■ Task goal
Make an exact transcript of the lines in the data below, starting with the one containing "Reportes al 911" and going on through the one containing "Президент Украины Владимир Зеленский", with both included and the pictures left out.

■ Material to process
━━━━━━

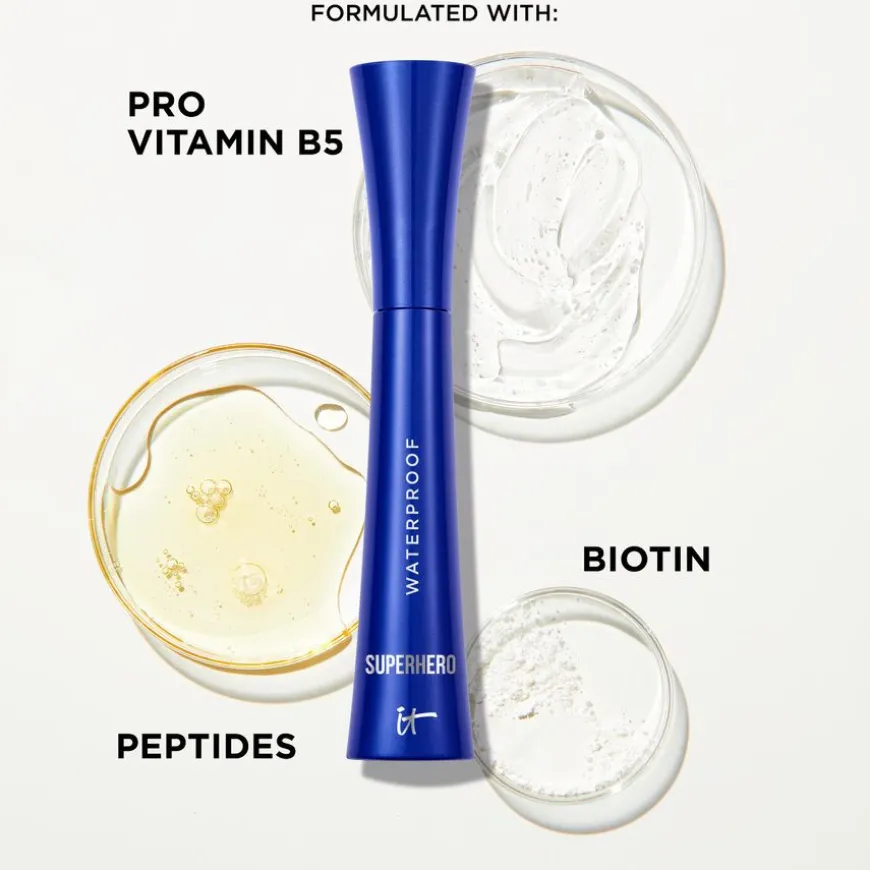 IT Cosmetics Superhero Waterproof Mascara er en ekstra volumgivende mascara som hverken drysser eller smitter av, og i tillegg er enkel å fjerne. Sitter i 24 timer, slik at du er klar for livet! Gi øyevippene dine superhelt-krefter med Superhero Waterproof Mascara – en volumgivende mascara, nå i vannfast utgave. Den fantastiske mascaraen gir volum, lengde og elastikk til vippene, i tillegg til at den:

━━━━━━

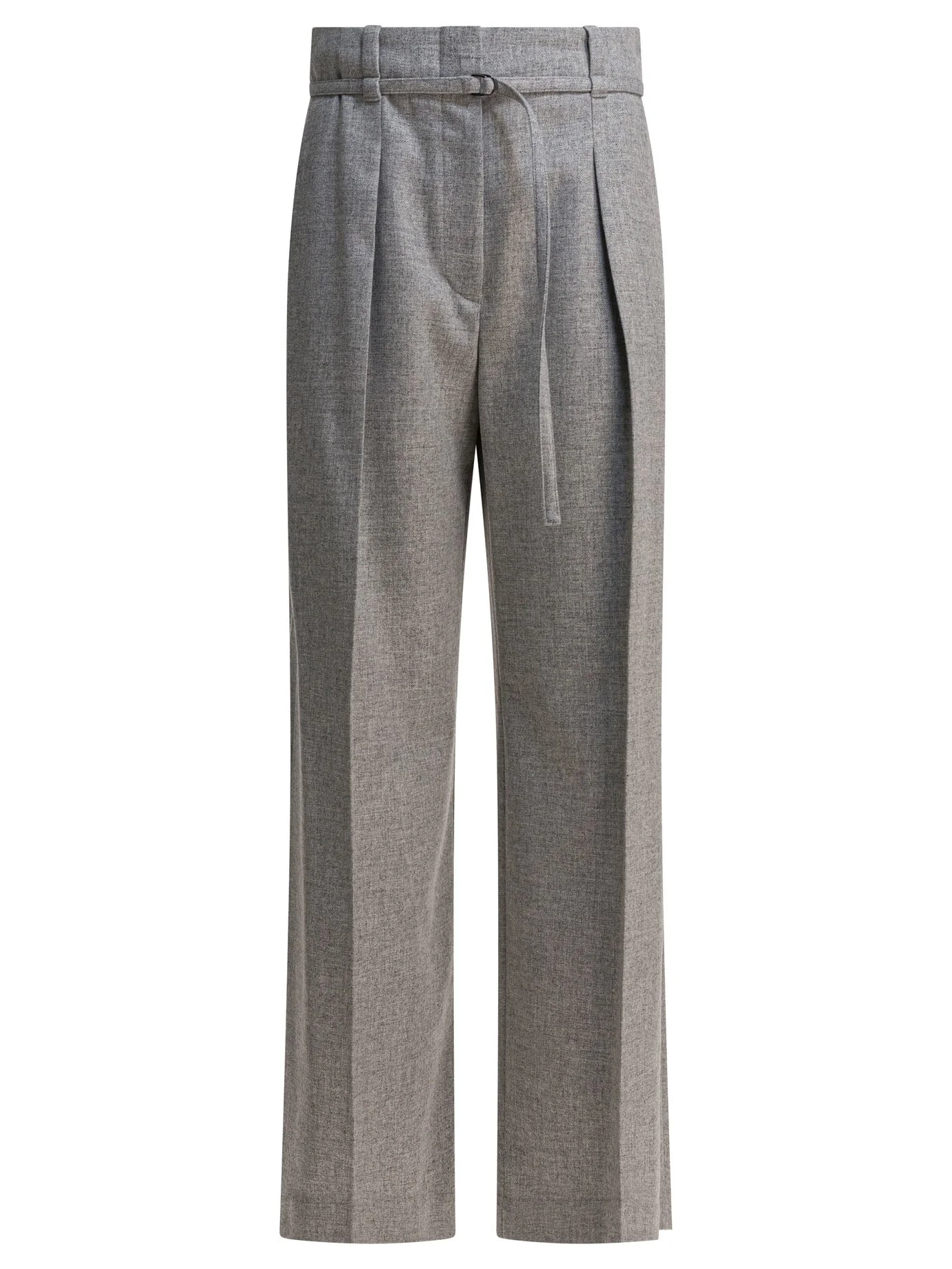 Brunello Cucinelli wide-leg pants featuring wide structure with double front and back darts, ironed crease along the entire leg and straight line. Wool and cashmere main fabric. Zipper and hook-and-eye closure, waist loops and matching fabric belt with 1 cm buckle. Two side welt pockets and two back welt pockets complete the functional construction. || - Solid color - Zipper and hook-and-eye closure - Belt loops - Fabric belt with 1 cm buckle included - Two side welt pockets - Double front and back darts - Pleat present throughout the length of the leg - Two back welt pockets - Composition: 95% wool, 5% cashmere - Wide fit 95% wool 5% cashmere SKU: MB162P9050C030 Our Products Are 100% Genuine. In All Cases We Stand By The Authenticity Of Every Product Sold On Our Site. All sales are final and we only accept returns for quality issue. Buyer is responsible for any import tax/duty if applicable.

━━━━━━

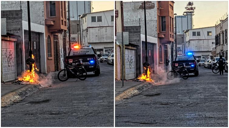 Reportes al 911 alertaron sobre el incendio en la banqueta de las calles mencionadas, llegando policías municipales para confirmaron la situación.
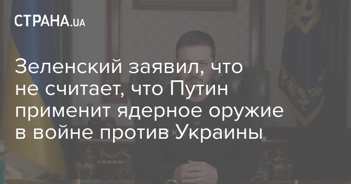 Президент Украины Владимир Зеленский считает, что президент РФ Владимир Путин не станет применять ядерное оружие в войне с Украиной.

━━━━━━

■ Expected answer
 Reportes al 911 alertaron sobre el incendio en la banqueta de las calles mencionadas, llegando policías municipales para confirmaron la situación.
 Президент Украины Владимир Зеленский считает, что президент РФ Владимир Путин не станет применять ядерное оружие в войне с Украиной.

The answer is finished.